Extracted information: Begin

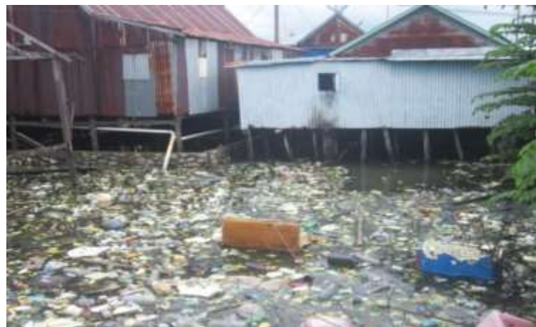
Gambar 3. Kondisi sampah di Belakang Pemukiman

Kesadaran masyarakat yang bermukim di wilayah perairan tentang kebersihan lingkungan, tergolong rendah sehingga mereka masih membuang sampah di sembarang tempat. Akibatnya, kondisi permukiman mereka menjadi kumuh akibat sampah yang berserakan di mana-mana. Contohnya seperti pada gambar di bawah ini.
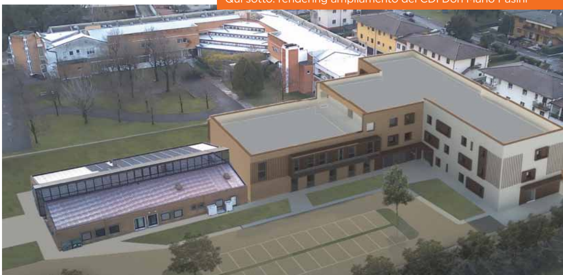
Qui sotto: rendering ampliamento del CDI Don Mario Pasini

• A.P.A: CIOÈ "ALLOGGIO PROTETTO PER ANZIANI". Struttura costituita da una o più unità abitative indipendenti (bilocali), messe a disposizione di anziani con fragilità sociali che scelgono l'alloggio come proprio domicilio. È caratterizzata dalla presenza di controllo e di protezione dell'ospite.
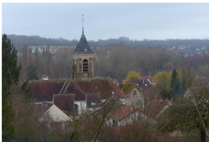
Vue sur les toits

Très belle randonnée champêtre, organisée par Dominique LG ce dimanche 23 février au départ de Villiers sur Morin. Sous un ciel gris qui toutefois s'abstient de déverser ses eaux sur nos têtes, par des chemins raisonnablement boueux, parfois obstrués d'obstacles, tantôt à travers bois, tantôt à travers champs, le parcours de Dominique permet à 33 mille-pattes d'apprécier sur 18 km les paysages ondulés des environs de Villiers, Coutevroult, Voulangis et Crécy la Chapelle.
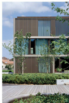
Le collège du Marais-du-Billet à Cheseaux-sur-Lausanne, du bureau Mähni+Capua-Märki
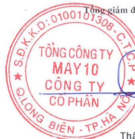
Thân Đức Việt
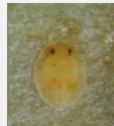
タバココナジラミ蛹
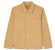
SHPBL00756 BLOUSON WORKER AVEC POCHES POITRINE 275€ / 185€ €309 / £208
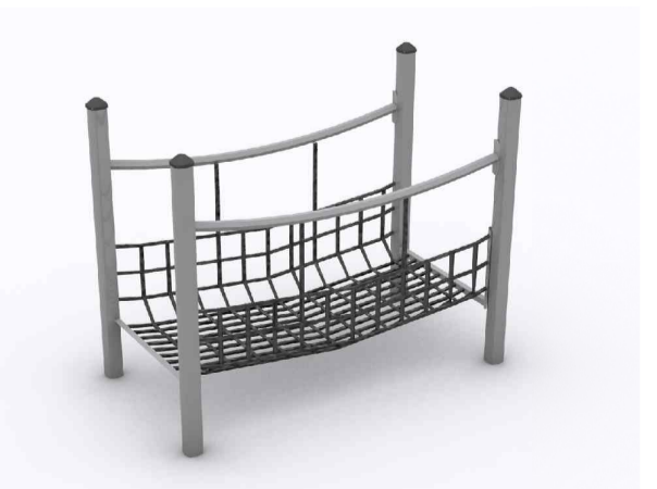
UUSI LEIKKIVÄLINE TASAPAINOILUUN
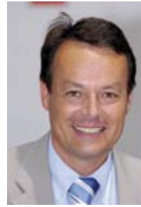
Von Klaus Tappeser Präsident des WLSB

Extracted information: End
Extracted information: Begin

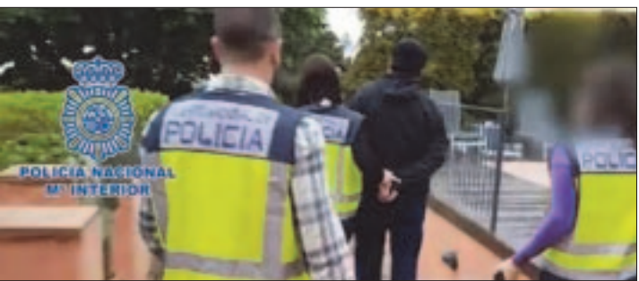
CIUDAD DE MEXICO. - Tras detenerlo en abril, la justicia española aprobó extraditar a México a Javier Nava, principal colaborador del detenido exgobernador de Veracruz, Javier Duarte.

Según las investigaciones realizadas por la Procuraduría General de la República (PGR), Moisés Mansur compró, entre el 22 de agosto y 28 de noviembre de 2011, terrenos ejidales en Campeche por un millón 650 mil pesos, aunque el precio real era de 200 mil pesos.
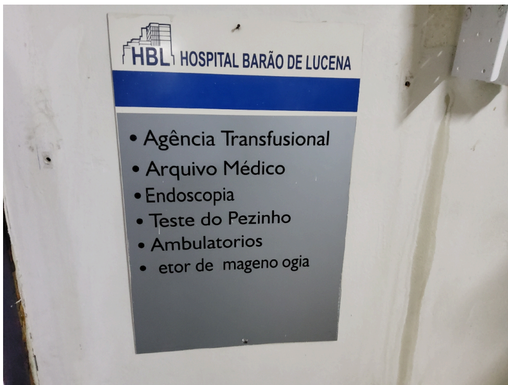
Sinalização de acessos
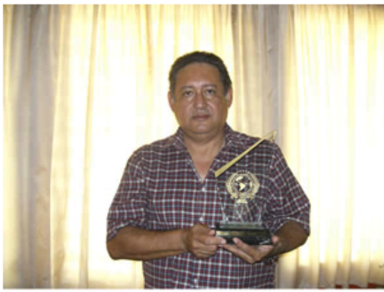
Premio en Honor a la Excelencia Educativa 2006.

Extracted information: End

Work required:
Using the data above, output the line that has "Gambar 3. Kondisi", the line that has "Von Klaus Tappeser Präsident des WLSB", and whatever lines fall between, each exactly as it stands and without pictures.

Expected answer:
Gambar 3. Kondisi sampah di Belakang Pemukiman

Kesadaran masyarakat yang bermukim di wilayah perairan tentang kebersihan lingkungan, tergolong rendah sehingga mereka masih membuang sampah di sembarang tempat. Akibatnya, kondisi permukiman mereka menjadi kumuh akibat sampah yang berserakan di mana-mana. Contohnya seperti pada gambar di bawah ini.
Qui sotto: rendering ampliamento del CDI Don Mario Pasini

• A.P.A: CIOÈ "ALLOGGIO PROTETTO PER ANZIANI". Struttura costituita da una o più unità abitative indipendenti (bilocali), messe a disposizione di anziani con fragilità sociali che scelgono l'alloggio come proprio domicilio. È caratterizzata dalla presenza di controllo e di protezione dell'ospite.
Vue sur les toits

Très belle randonnée champêtre, organisée par Dominique LG ce dimanche 23 février au départ de Villiers sur Morin. Sous un ciel gris qui toutefois s'abstient de déverser ses eaux sur nos têtes, par des chemins raisonnablement boueux, parfois obstrués d'obstacles, tantôt à travers bois, tantôt à travers champs, le parcours de Dominique permet à 33 mille-pattes d'apprécier sur 18 km les paysages ondulés des environs de Villiers, Coutevroult, Voulangis et Crécy la Chapelle.
Le collège du Marais-du-Billet à Cheseaux-sur-Lausanne, du bureau Mähni+Capua-Märki
Thân Đức Việt
タバココナジラミ蛹
SHPBL00756 BLOUSON WORKER AVEC POCHES POITRINE 275€ / 185€ €309 / £208
UUSI LEIKKIVÄLINE TASAPAINOILUUN
Von Klaus Tappeser Präsident des WLSB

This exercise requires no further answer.